Unless it says otherwise, they're open 24 hours a day, every day.
Samaritans – for everyone
Call 116 123
Campaign Against Living Miserably (CALM) – for men
Call 0800 58 58 58 – 5pm to midnight every day
Visit the webchat page
Papyrus – for people under 35
Call 0800 068 41 41 – Monday to Friday 10am to 10pm, weekends 2pm to 10pm, bank holidays 2pm to 5pm
Text 07786 209697
Childline – for children and young people under 19
Call 0800 1111 – the number won't show up on your phone bill
The Silver Line – for older people
Call 0800 4 70 80 90
Worried about someone else?
If you're worried about someone, try to get them to talk to you. Ask open-ended questions like: "How do you feel about...?"
Don't worry about having the answers. Just listening to what someone has to say and taking it seriously can be more helpful.
HOW TO START A DIFFICULT CONVERSATION
If you’re worried about someone and don’t know how to tackle it, there are some things you can do to help them open up.
If you're worried about someone try to get them to talk to you.
Often people want to talk, but wait until someone asks how they are. Try asking open questions, like 'What happened about...', 'Tell me about...', 'How do you feel about...'
Repeat back what they say to show you understand, and ask more questions.
Focus on your friend's feelings instead of trying to solve the problem - it can be of more help and shows you care.
Respect what they tell you. Sometimes it's easy to want to try and fix a person's problems, or give them advice. Let them make their own decisions.
How do I start a conversation with someone I’m concerned about?
You might feel that you don't know how to help someone, because you don't know what to tell them or how to solve their problems.
You don’t need to be an expert. In fact, sometimes people who think they have the answers to a problem are less helpful.
Don’t forget that every person is different, so that what worked for one will not always work for another.
Find a good time and place
Think about where and when to have the conversation before you start.
Choose somewhere where the other person feels comfortable and has time to talk.
Ask gentle questions, and listen with care
You might feel that you don't know how to help someone, because you don't know what to tell them. But you shouldn't tell them anything. Telling doesn't help.
The best way to help is to ask questions. That way you leave the other person in control. By asking questions, the person you are talking with finds his or her own answers.
Respect what they tell you, don’t pressure them
If they don’t want help, don’t push them. Sometimes it’s easy to want to try and fix a person’s problems, or give them advice.

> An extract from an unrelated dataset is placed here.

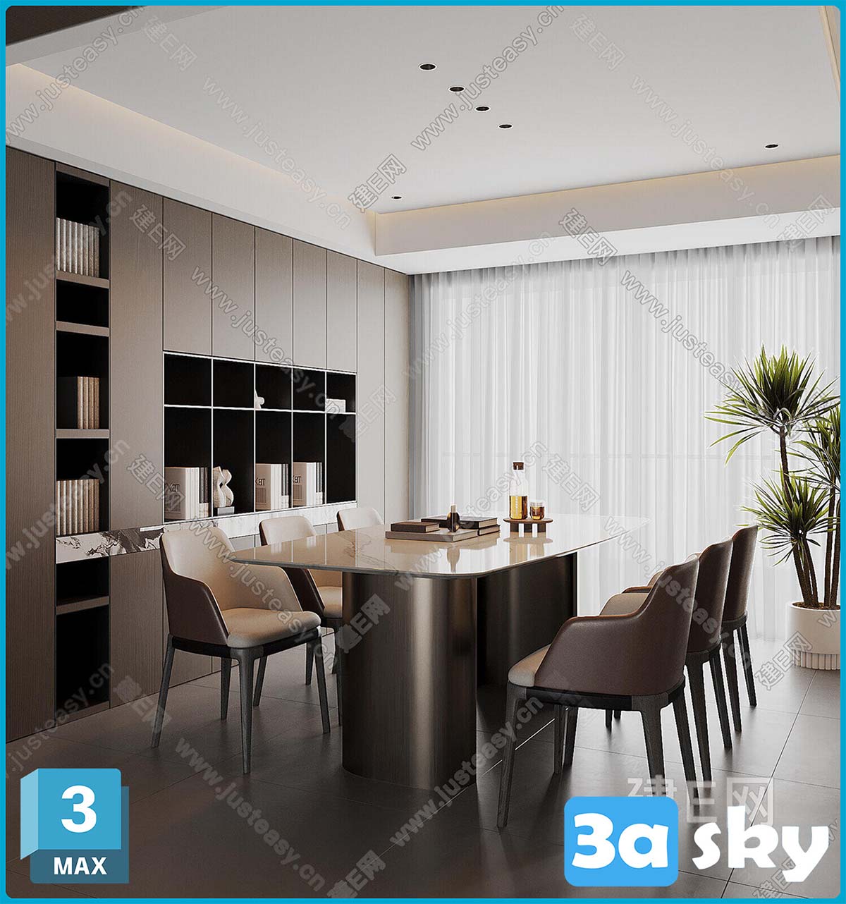 This 3D scene model, created in 3DS MAX, features a beautifully detailed interior design with realistic textures. The high quality 3D rendering captures the intricate details of the architecture, making it a perfect choice for architectural visualization projects.

It’s usually better for people to make their own decisions. Help them think of all the options, but leave the choice to them.

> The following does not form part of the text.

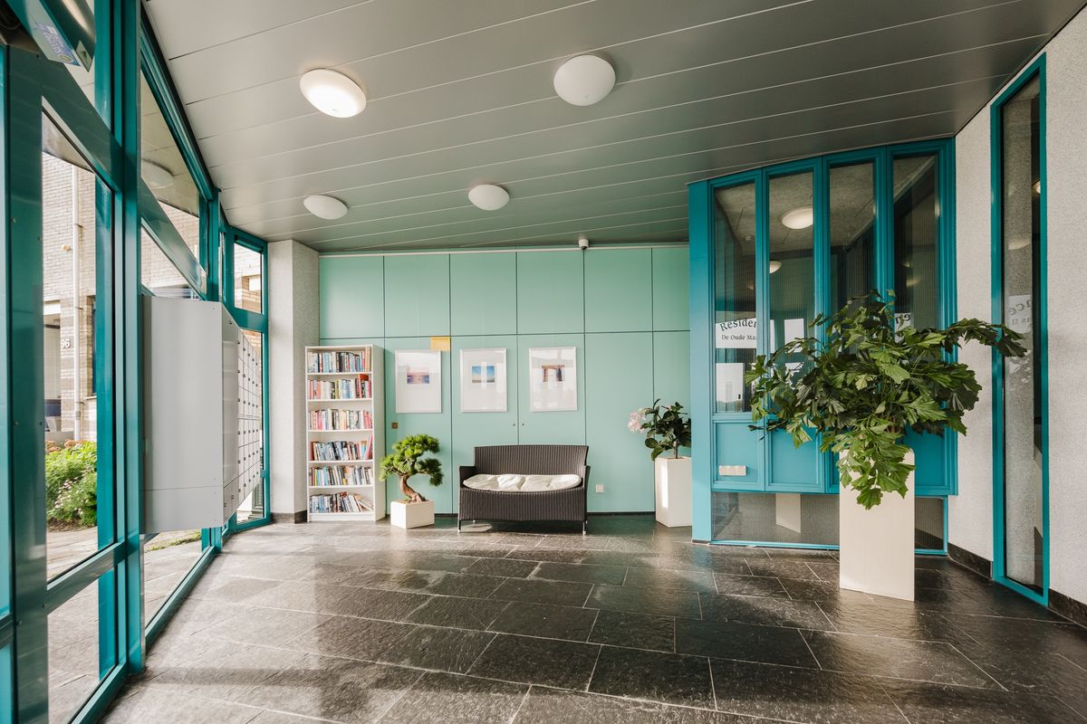 Aan de voorzijde van het complex bereik je de verzorgde entree met bellentableau, de brievenbussen, trapopgang en de lift naar de verdiepingen.

Being there for them in other ways, like through socialising or helping with practical things, can also be a great source of support.
If you say the wrong thing, don’t panic
There is no perfect way to handle a difficult conversation, so don’t be too hard on yourself if it didn’t go as well as you had hoped.

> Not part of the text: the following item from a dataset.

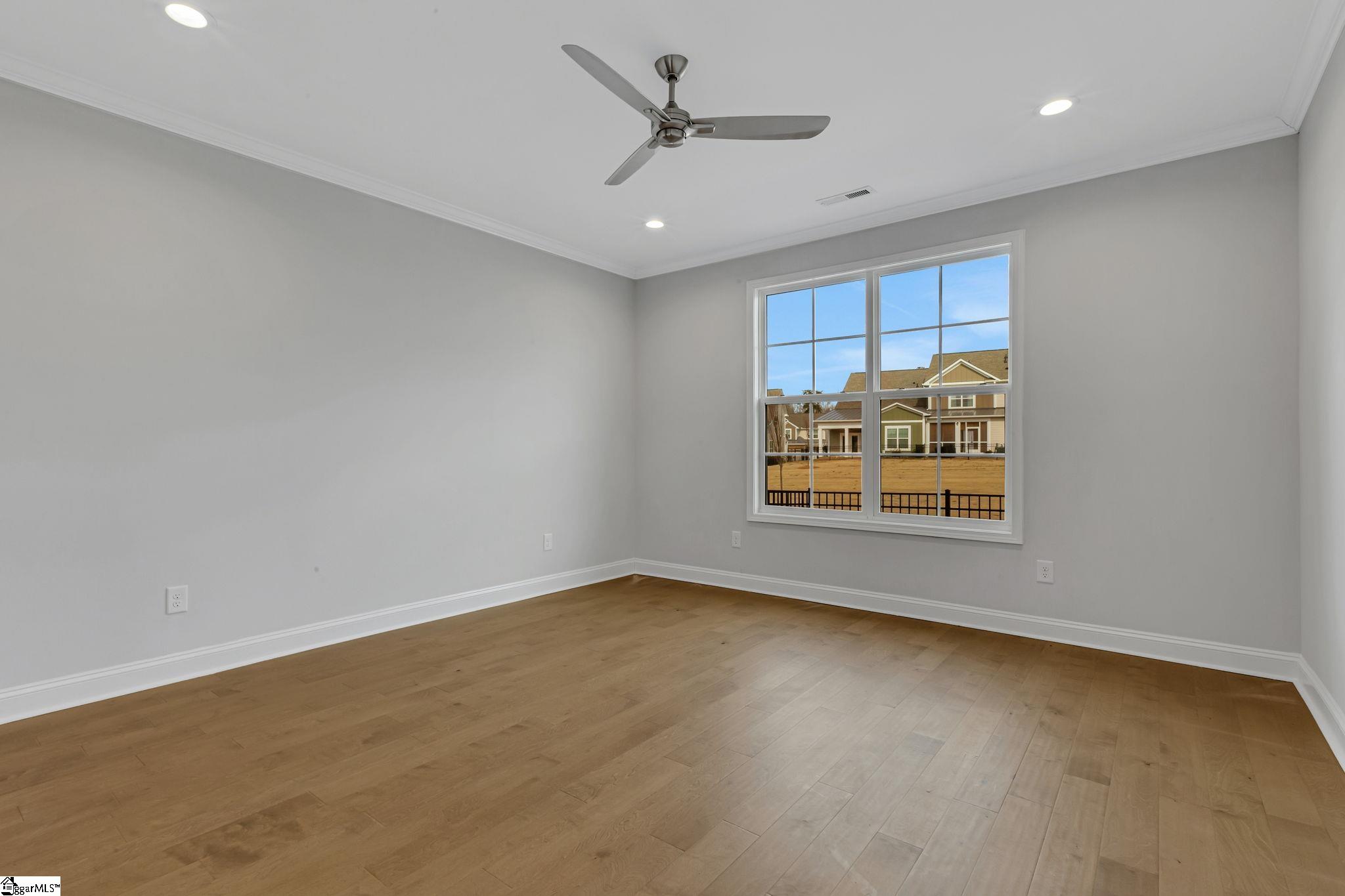 Welcome to Hamilton Townes, part of the sought-after 1,100-acre Verdae master-planned community. This 3-bedroom, 2.5-bath townhome move-in ready January 2026 offers over 2,200 sq. ft. of thoughtfully designed living space with a main-level primary suite, loft/flex room, home office, walk-out attic, and two-car garage. The open-concept main level showcases 5" birch hardwoods throughout, extending into the primary suite and closet. The gourmet kitchen features quartz countertops, a large island, stainless steel appliances with a gas range, and soft-close cabinetry. This open floor plan allows all main-level spaces to flow seamlessly from the kitchen to the dining and living areas. The kitchen transitions into the dining and living rooms, where the home is framed to include custom built-in bookshelves and wiring for a future fireplace. A trio of glass doors, with the center operable, extends the living space to the covered porch and fenced backyard maintained by the hoa. The main-level primary suite is a true retreat, with an ensuite offering dual vanities, a private water closet, and an upgraded walk-in tile shower with a frameless glass door. Upstairs, two additional bedrooms with walk-in closets share a full bath with double sinks. Versatility shines on this level with a spacious 21x13 bonus room, large enough for a media room, second living area, or combination space with room for both a home office and game area. A separate 7x13 office provides additional dedicated work-from-home space, while a walk-out attic offers valuable storage. Enjoy outdoor living with a covered porch and fenced backyard, maintained by the HOA for true low-maintenance living. Life at Hamilton Townes includes direct access to the Swamp Rabbit Trail via Verdae Blvd, convenient proximity to medical offices, hospitals, and GSP Airport, plus quick access to I-85, I-385, and Woodruff Road shopping and dining all less than 10 minutes from Downtown Greenville. Schedule your private showing today and ask about the below-market interest rates available on this property!

If you feel able to, put things right: “Last week I said … and I realise now that was insensitive so I’m sorry. What I meant to say was …”
Show you understand
Ask follow-up questions and repeat back the key things your friend has told you, using phrases like ‘So you’re saying…’, ‘So you think…’.
Look after yourself, and talk to someone too
Hearing someone else’s worries or problems can affect you too. Take time for yourself to do the things you enjoy, and if you need to talk, find somebody you trust to confide in.
Be careful not to make promises to people you may not be able to keep; this could relate to someone telling you they are experiencing abuse.
Don’t take on so much of other peoples’ problems that you yourself start feeling depressed.